### SUPPLIED DATA
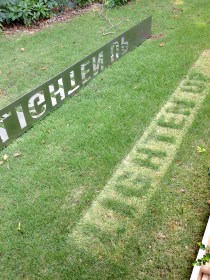 This piece consists of concrete letters cast from five inch by one inch thick silicone molds, which are then ground and hand sanded to distinct angles. The resulting forms were placed on the sidewalk so that the letterforms appear to be
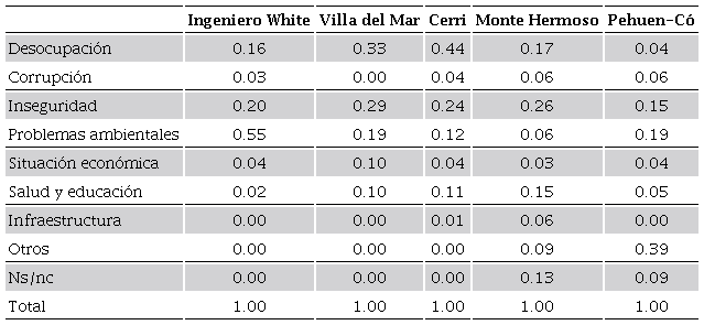Comparando los resultados, se advierten diferencias importantes entre las localidades, como puede verse en la Tabla 1. Se evidencia que la preocupación por lo ambiental es mucho más significativa en Ingeniero White que en el resto de las localidades. Como se ha señalado, el Polo Petroquímico es aledaño a esta localidad y de allí que es frecuente el olor a químicos y gases, además de la contaminación sonora que es causada por las plantas industriales.
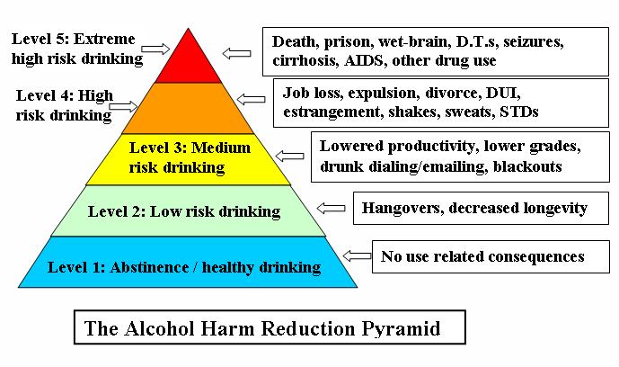 If everyone could stay at Level One on the harm reduction pyramid there would be no alcohol problems or treatments for them. Harm reduction is pragmatic enough to expect that this situation is never likely to come to pass.

### TASK STATEMENT
Word for word, print the material above, but without its pictures.

### SOLUTION FOR THIS TASK
 This piece consists of concrete letters cast from five inch by one inch thick silicone molds, which are then ground and hand sanded to distinct angles. The resulting forms were placed on the sidewalk so that the letterforms appear to be
Comparando los resultados, se advierten diferencias importantes entre las localidades, como puede verse en la Tabla 1. Se evidencia que la preocupación por lo ambiental es mucho más significativa en Ingeniero White que en el resto de las localidades. Como se ha señalado, el Polo Petroquímico es aledaño a esta localidad y de allí que es frecuente el olor a químicos y gases, además de la contaminación sonora que es causada por las plantas industriales.
 If everyone could stay at Level One on the harm reduction pyramid there would be no alcohol problems or treatments for them. Harm reduction is pragmatic enough to expect that this situation is never likely to come to pass.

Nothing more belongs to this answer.